The Lowdown
4 min read

Wall Street and Red Sea disruption

Wall Street has recovered well after a setback earlier this month. Too well? Are things overheating? Major shipping companies have stopped using the Red Sea through which almost 15% of global seaborne trade usually passes. How will this disruption impact inflation?

A positive start for equities

Global equity markets have begun the year in a positive mood. Commentators are still hoping for a soft landing in the US, and there has been a significant mood change regarding policy rate reductions across the world's major advanced economies (with the exception of Japan).
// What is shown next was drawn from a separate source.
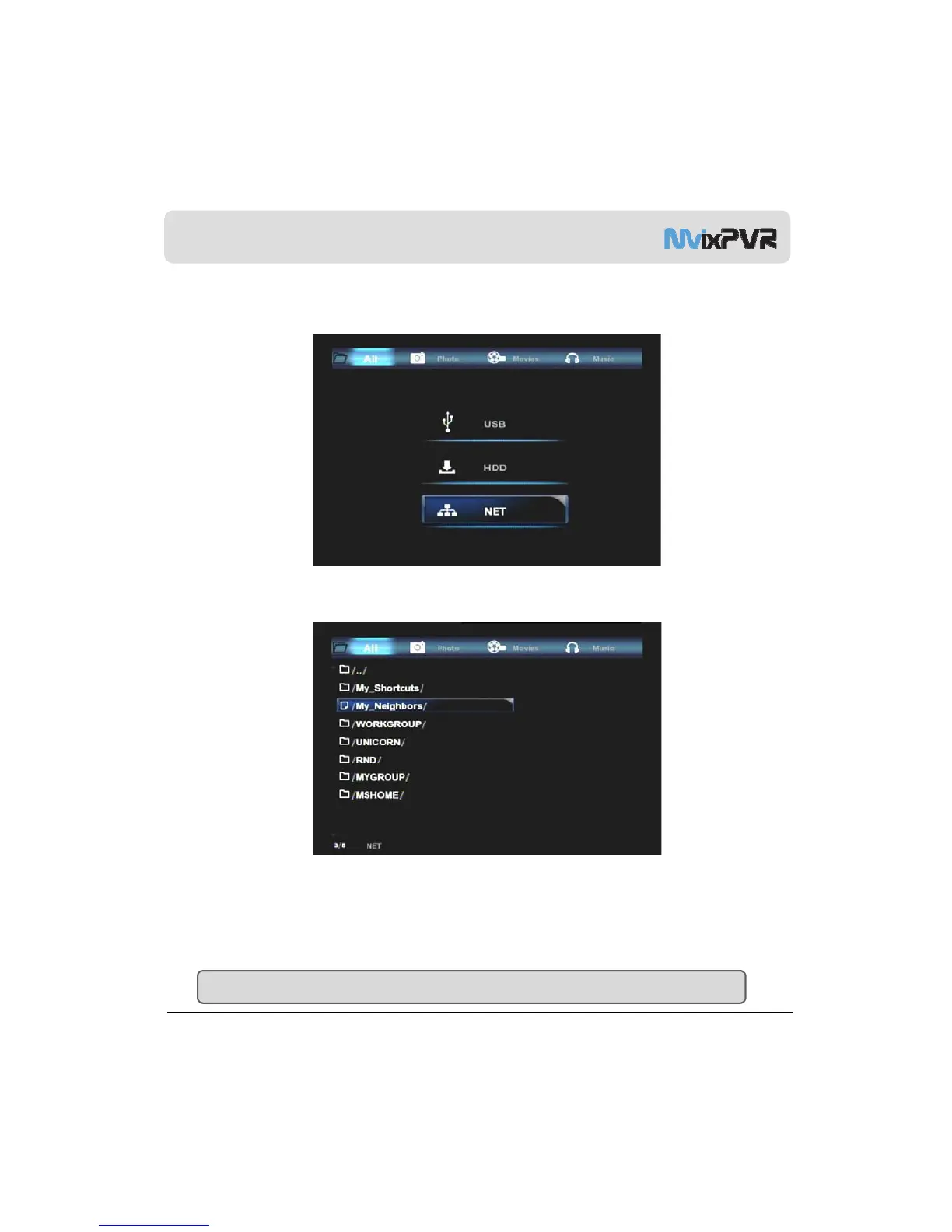 1. Access net in the first screen of MEDIA LIBRARY.

An early setback on Wall Street has already been cancelled out, as investors are still expecting upbeat economic data. The drawback with that is that were the economy to overheat, then there would be less need for the central bank to cut interest rates any time soon.

The recent jobless claims report might force the Fed to delay any actions, leaving investors to think again. In fact, a fund rate cut from the Fed as early as March does indeed look unlikely – particularly given the recent uptick in inflation.

Meanwhile, the slightly higher bond yields have not (yet) resulted in a profound stock market sell-off. Indeed, Wall Street has actually been doing the exact opposite, and is currently seeing a “melt-up”. What this means is that the asset allocators who thought bonds were due for a period of outperformance against stocks will need to rethink their strategy and possibly wait a little longer.

Inflation risk from Red Sea disruption

The most recent headwind to impact the global supply chain is the spate of attacks perpetrated by the Houthi movement in the Red Sea, targeting major shipping lanes that are crucial for distributing goods to countries throughout the Western world.

Shipping companies having to divert around the southern tip of Africa to avoid being attacked adds significant costs (and time) to transport operations – costs which could eventually lead to higher inflation. News of further US-UK led strikes on the Houthis has added further tensions in the region.

There is every chance that the current hostilities could spread to other territories in the Middle East. Indeed, Iran and Pakistan have recently been engaged in a series of tit-for-tat missile and drone attacks. These retaliatory strikes are stoking fears of widening conflict and worsening geopolitical tensions across the region.

Last week, members of the World Economic Forum headed to Davos for their annual meeting – an opportunity for leaders and changemakers from all over the world to engage in discussion on political and economic matters, as well as the urgent issue of climate change.

Is Davos out of touch?

The WEF differs from the World Health Organisation or the United Nations Climate Change Conferences, insofar as their meetings do not carry treaty or contractual obligations. The forum is only as influential as the power of its arguments and those in attendance. “Davos is where billionaires tell millionaires about what the middle class feels”, joked JPMorgan CEO Jamie Dimon at the forum one year. Indeed, accusations of it being out of touch are rife, and the WEF is concerned about loss of trust among its global audience and what this might mean for future Davos meetings.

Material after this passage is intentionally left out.